### Task to carry out:
Below are records with pictures. Transcribe exactly, and only, the lines from the line with "吉(6画)安(6画) 沙(8画)也(3画)子(3画)" to the line with "Size • Is the", both ends included, but not the pictures.

### Input records:

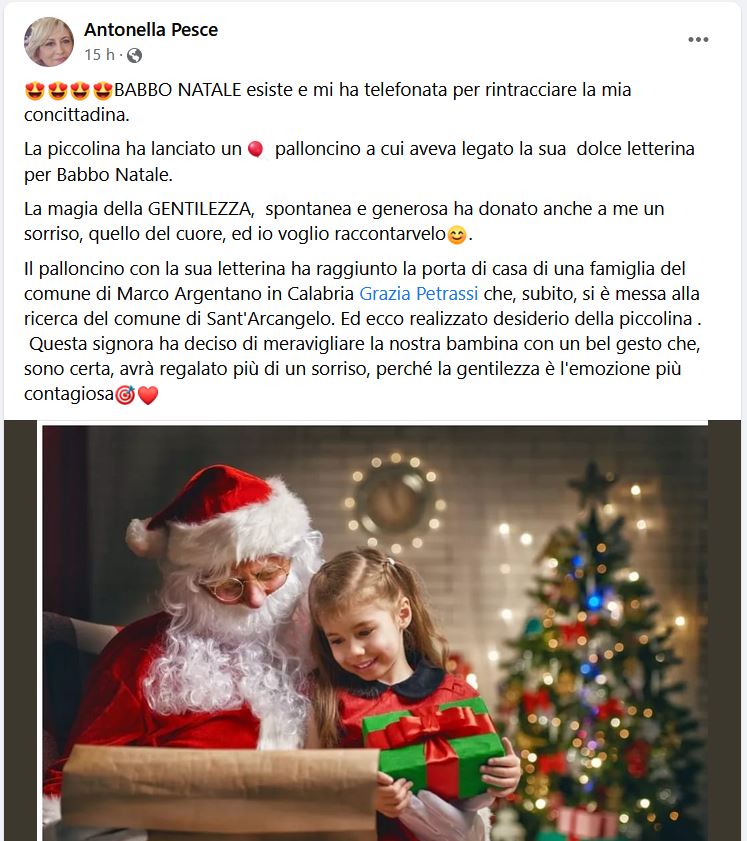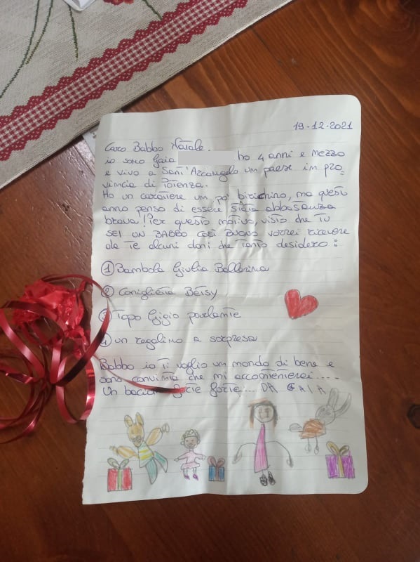 Grazia, la mamma delle sue nipoti, apre la lettera ed anzichè le parole della figlia, trova una letterina per Babbo Natale, spedita da Gaia, bambina di 4 anni e mezzo, di Sant’Arcangelo, in provincia di Potenza.
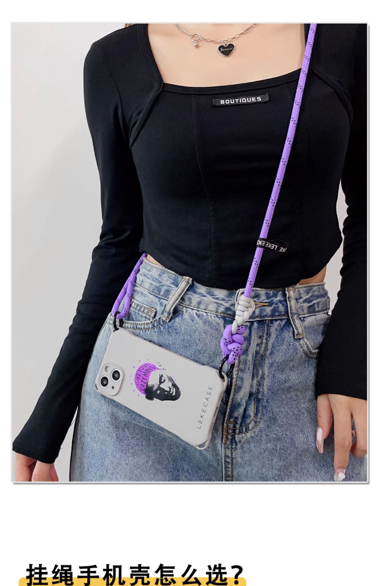 蘋果15手機殼掛繩斜挎可背適用iphone14promax四角開孔硅膠13菩薩文字小眾11pro掛繩手腕12背帶斜跨x明星同款
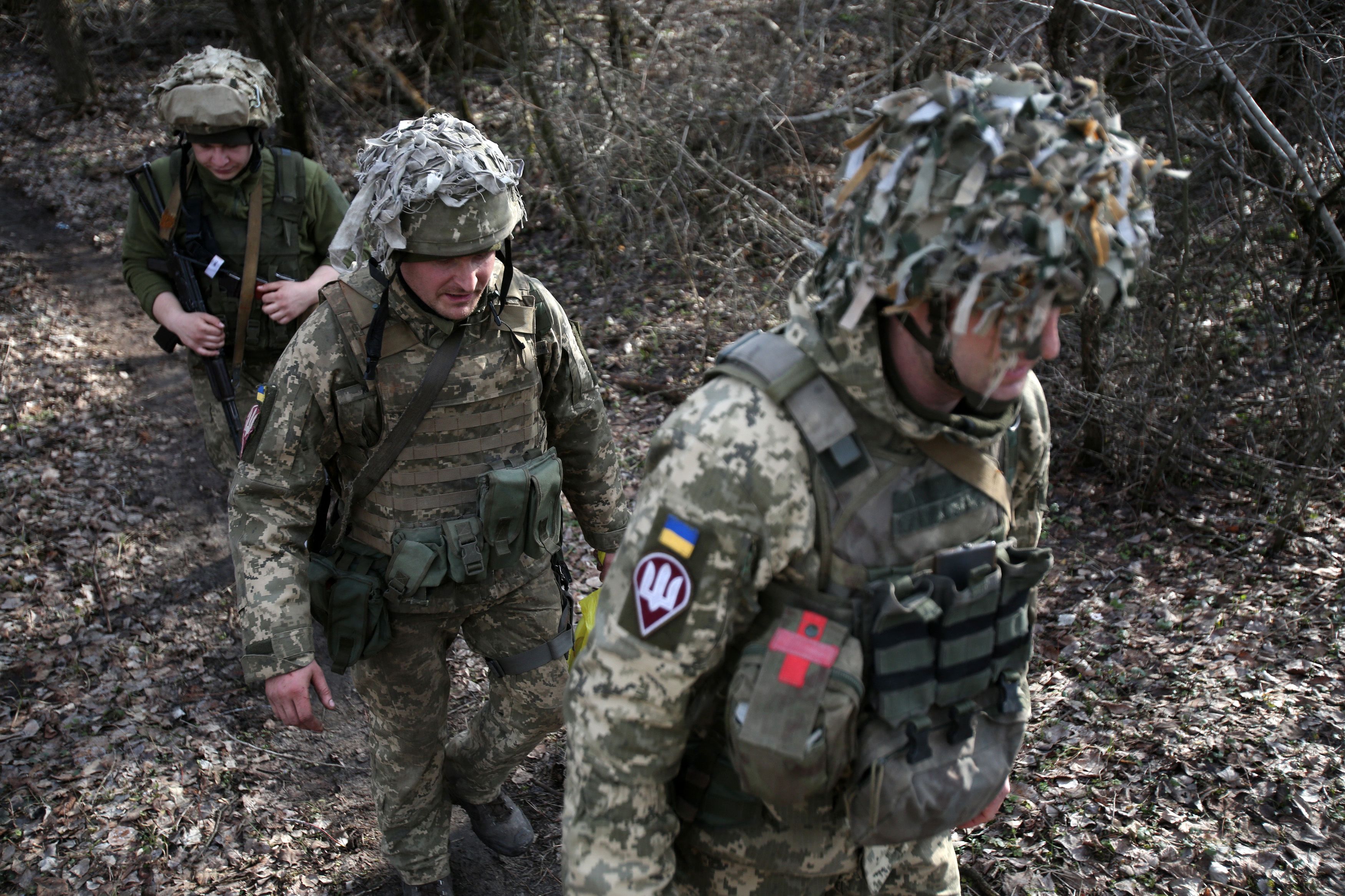 Ukrainian servicemen are seen on the front line with Russia-backed separatists, near the eastern Ukraine city of Lugansk, on Feb 23, 2022.
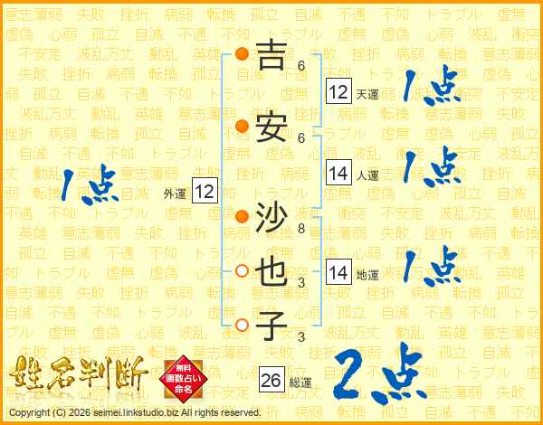 吉(6画)安(6画) 沙(8画)也(3画)子(3画)
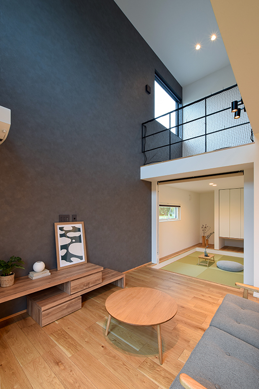 リビングの奥から全体を見渡すと畳コーナーや開放的な吹き抜けも印象的
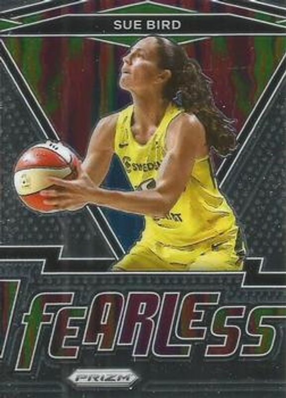 The Sue Bird 2021 Prizm WNBA #11 Fearless card is 1 of 72 Sue Bird's card variations in the 2021 Prizm WNBA set being tracked by Sports Card Investor, including Base, Green, Green Ice, Hyper, and Ice.
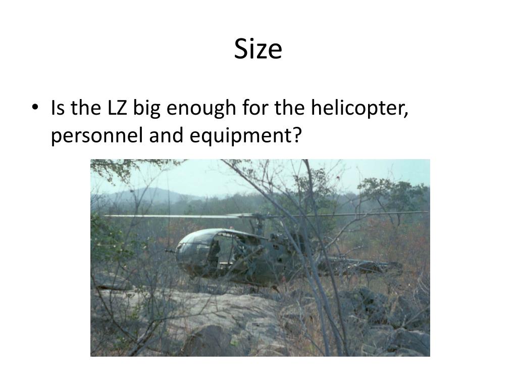 Size • Is the LZ big enough for the helicopter, personnel and equipment?
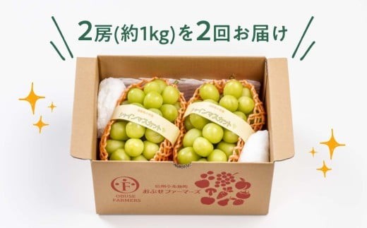 - 【2回定期便】秋と冬に食べるシャインマスカット 2房(約1kg)× 2回[おぶせファーマーズ] 果物 フルーツ ぶどう 葡萄 数量限定 長野 信州 令和7年産 【2025年10月~12月発送予定】 [F-67]
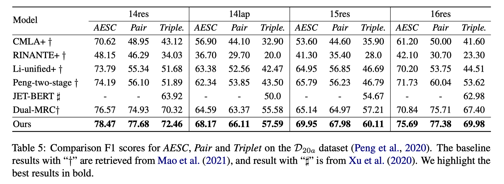 <a, o, s>triplet form. - Peng et al. (2020), where the missing triplets with overlapping opinions are corrected.
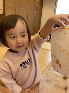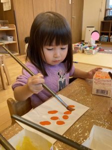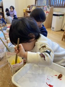 色を混ぜたり、一色の色を紙にのせたりと様々な姿が見られました。
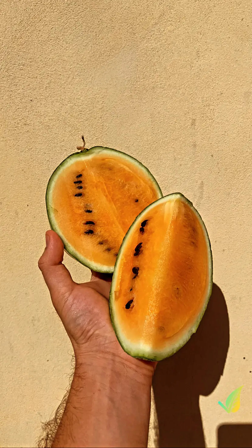 2. Polpa gialla: a differenza del tradizionale cocomero rosso, il Cocomero Giallo ha una polpa di colore giallo intenso, molto dolce e succosa.
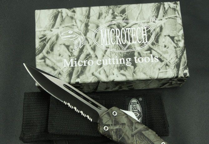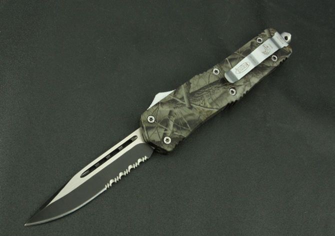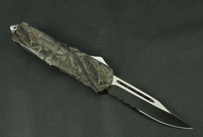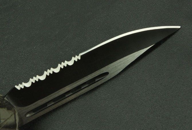 新版伤齿龙单锋半齿(披履) 全 长: 23cm 刃 长: 9cm 刃 厚: 2.8mm 刃 材: 440 硬 度: 57HRC 刀 重: 220g 毛 重: 340g 表 面: 氧化白 柄 材: 锌铝合金(被履) 刀 鞘: 尼龙 锁 闭: 直出弹簧刀
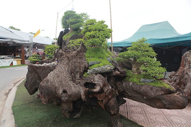 Bộ tiểu cảnh mai chiếu thủy tọa trên thân gỗ lũa sao đen liền khối của anh Trịnh Ngọc Cường đến từ Nha Trang (Khánh Hòa) được nhiều người dân, giới chơi cây cảnh chú ý. Tác phẩm hiện đang được chào bán tại hội chợ cây cảnh Long Biên (Hà Nội).
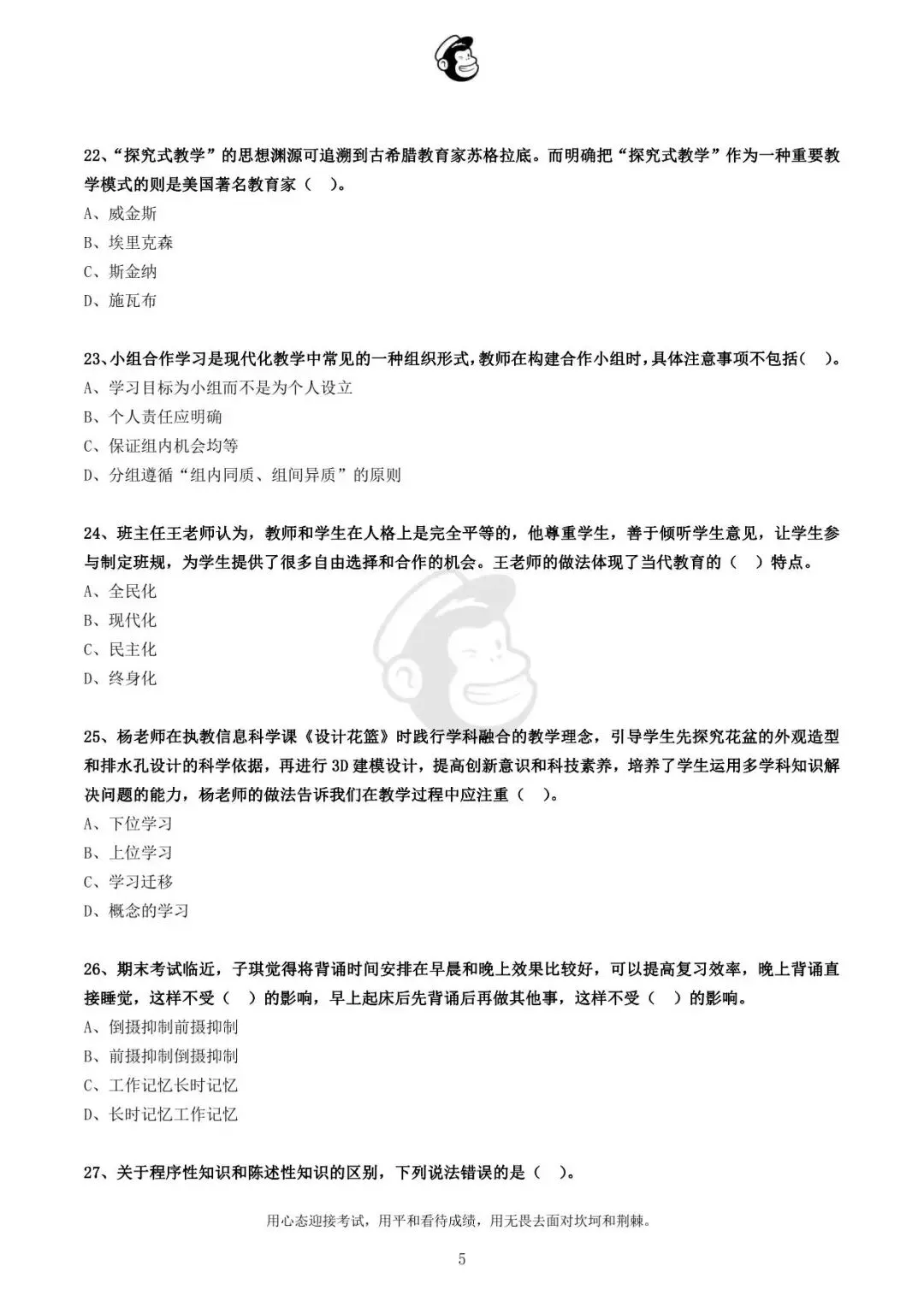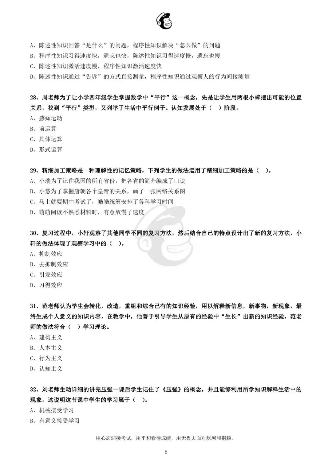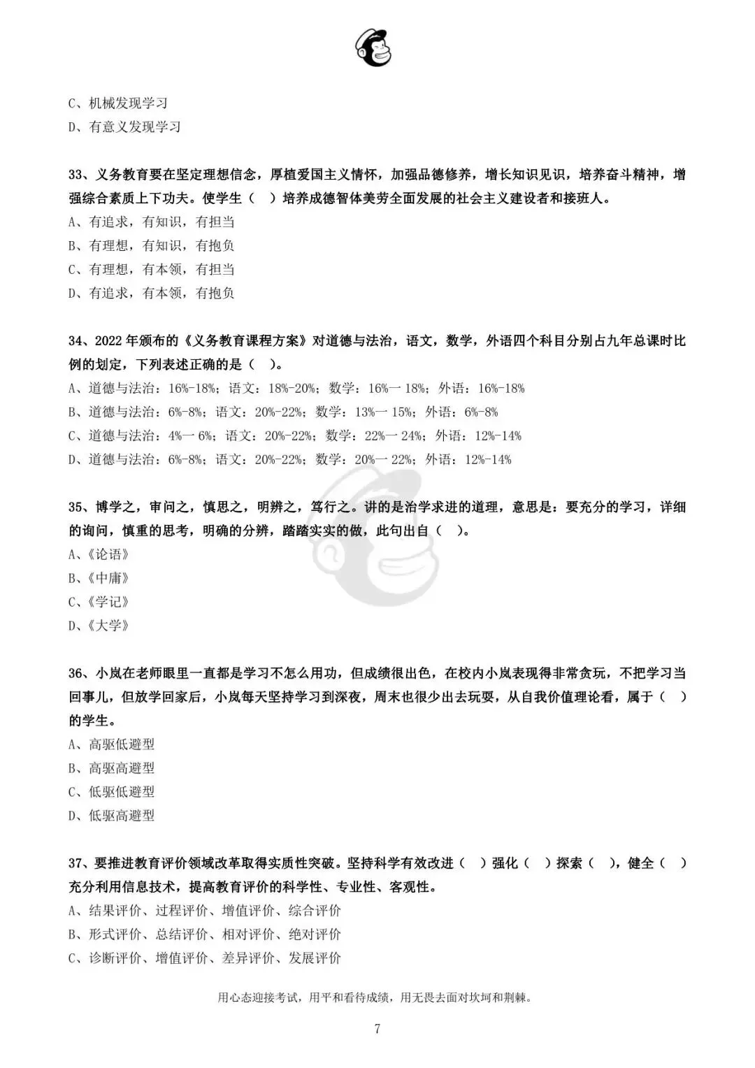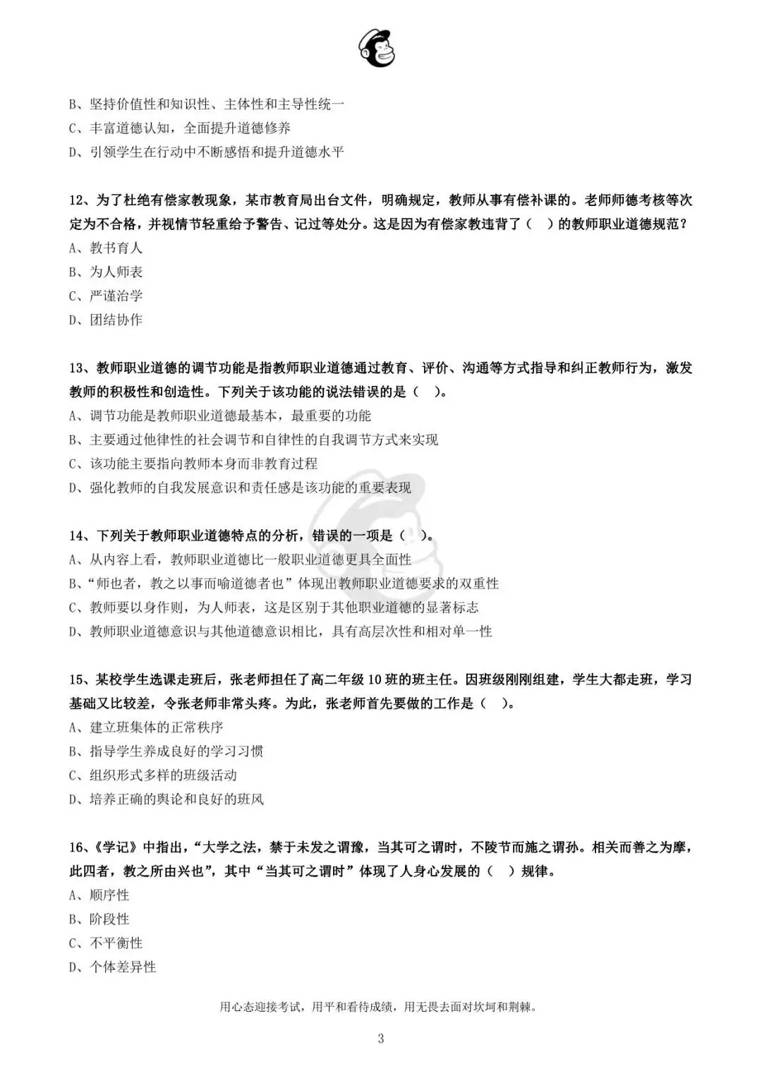 用心态迎接考试,用平和看待成绩,用无畏去面对坎坷和荆棘。

### Answer section:
 吉(6画)安(6画) 沙(8画)也(3画)子(3画)
 リビングの奥から全体を見渡すと畳コーナーや開放的な吹き抜けも印象的
 The Sue Bird 2021 Prizm WNBA #11 Fearless card is 1 of 72 Sue Bird's card variations in the 2021 Prizm WNBA set being tracked by Sports Card Investor, including Base, Green, Green Ice, Hyper, and Ice.
 Size • Is the LZ big enough for the helicopter, personnel and equipment?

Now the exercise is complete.